Title: Rechargeable Sodium All-Solid-State Battery
Publication Info: ACS Cent. Sci., 2017, 3 (1), pp 52–57; DOI: 10.1021/acscentsci.6b00321
Publication Date : January 3, 2017
Electricity generated by photovoltaic solar panels has reached the pivotal point where it is now less expensive than generation by combustion of fossil fuels when the sun is shining. Unfortunately “when the sun is shining” is a significant caveat because it implies that to further reduce use of fossil fuels for electricity generation, harnessed solar energy must be stored for use during times when incident sunlight is not sufficient.
Batteries can potentially meet this demand. Thus lots and lots of inexpensive, safe, and efficient batteries are required, but current battery architectures all exhibit deficiencies in at least one of these aspects. One property that scientists are particularly interested in is the enhancement of specific energy, i.e. the energy storage capacity per unit mass of battery.
A popular approach for attaining a significant increase in specific energy is through the employment of alkali metal electrodes – e.g. solid, metallic lithium or sodium. The use of alkali metal electrodes represents a new paradigm in rechargeable battery chemistry relative to the ubiquitous alkali metal-ion batteries (e.g. lithium ion) currently employed in most of our mobile phones and electronics. In short, Li-ion batteries do not contain any solid metallic lithium; they function by transport and intercalation of lithium ions into electrodes composed of carbon or silicon – see the Wikipedia page for further explanation.
There is significant desire to employ Li(s) or Na(s) alkali metal electrodes in batteries because of the 10x potential increase in specific energy over current Li-ion solutions. Thus far alkali metal electrode-based rechargeable batteries have not proliferated due to premature (i.e. too few charge-discharge cycles) and catastrophic (literally explosive)
failures. As illustrated to the right, such failures are predominantly due to internal short-circuits caused by dendrites formed at the alkali metal electrodes during charging cycles.
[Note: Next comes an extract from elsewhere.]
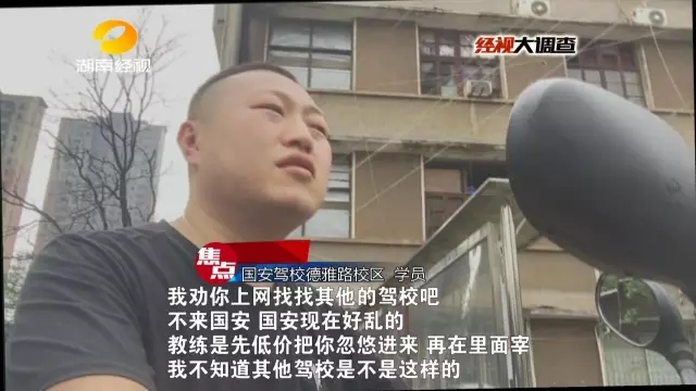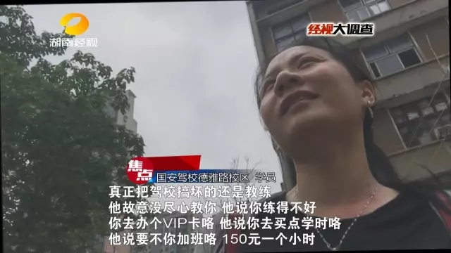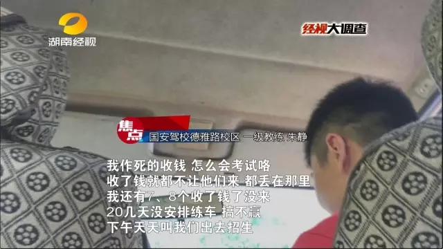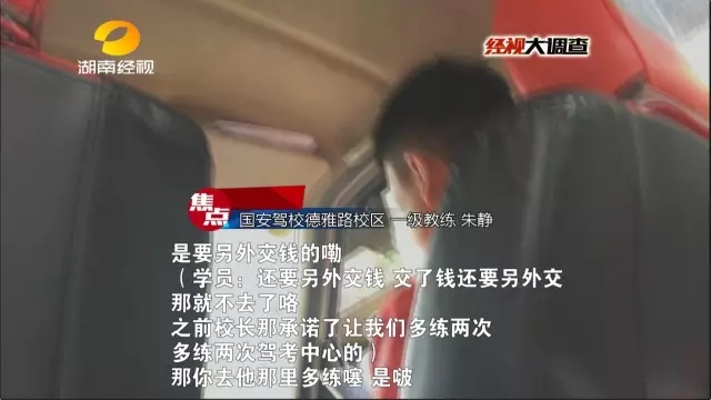 经视大调查曾重点关注了长沙“国安”驾校井湾子校区教练乱收费内幕,一包烟练车五分钟,“吃拿卡要”竟成了练车坪中的潜规则,而此种情况是否只存在于这一个校区呢?接下来,记者又对国安驾校的德雅路校区进行了调查,看看这里的教练们是如何巧立名目,为学员步步设套的。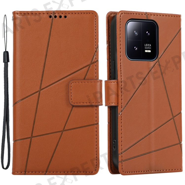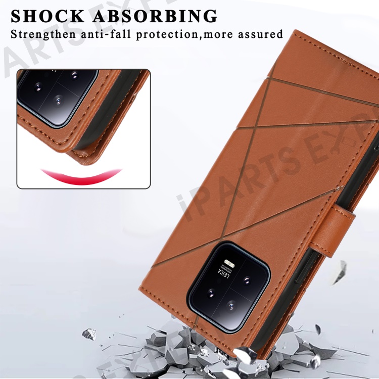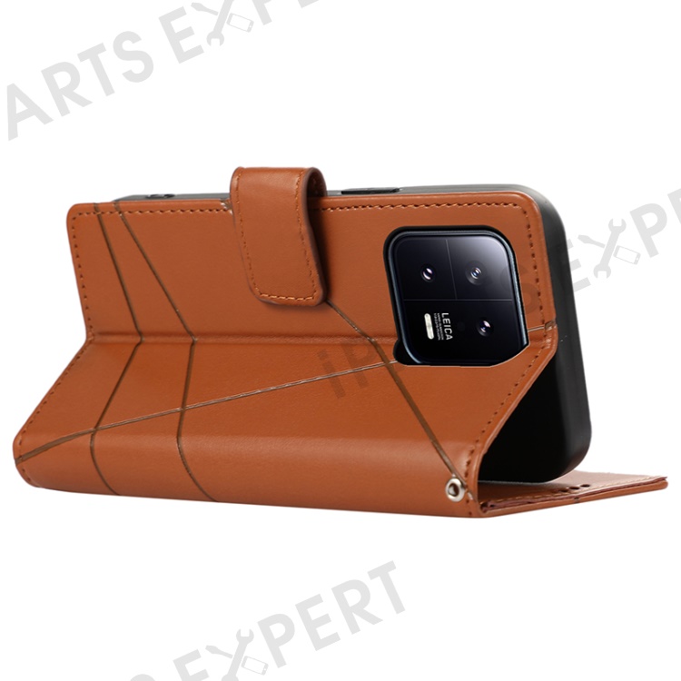 DF-06 For Xiaomi 13 Case Anti-drop Imprinted Wallet Stand PU Leather Phone Cover - Brown

Dendrites form in response to a spatially uneven flux of alkali metal ions reaching the surface of the electrode at which the ions are reduced to solid metal (e.g. Li+ + 1e- ↔ Li(s)). To date, essentially all rechargeable alkali metal-based batteries have exhibited such detrimental dendrite formation because of non-uniform ion diffusion occurring in the solid-state electrolytes and poor wetting at the electrode-electrolyte interface. While non-uniform ion diffusion is notorious in solid-state electrolytes, they are currently the only option that exhibits sufficient ion selectivity, mobility, and stability under the high voltages characteristic of such batteries.
With the goal of mitigating dendrite formation, this research essentially proposes the addition of a band-aid layer inside the battery that can correct for the non-uniform flux of ions reaching the electrode surface. While significant improvements in homogenizing diffusion characteristics of solid-state electrolytes and improving the wetting at the electrode-electrolyte interface has occurred, in this work the researches essentially accepts these short-comings and implement an additional sub-nanometer interlayer (band-aid) between the electrode and electrolyte. As illustrated
here, the intended functionality of the interlayer is for it to provide a region of relatively high lateral (relative to the electrode surface) ion diffusion in order to even out the spatial flux of ions reaching the electrode. Thus although there is a non-uniform flux of ions at the electrolyte-interlayer interface, the interlayer functions as a medium where this concentration can be evened out by the time it reaches the electrode surface and thus mitigating formation of detrimental Na(s) dendrites.
This report is significant in that it demonstrates through the addition of a sub-nanometer layer of material (specifically poly(2-methoxyethyl acyrlate) in this work) an entire genre of high specific energy battery materials (to-date considered predominantly impractical) are now potentially feasible.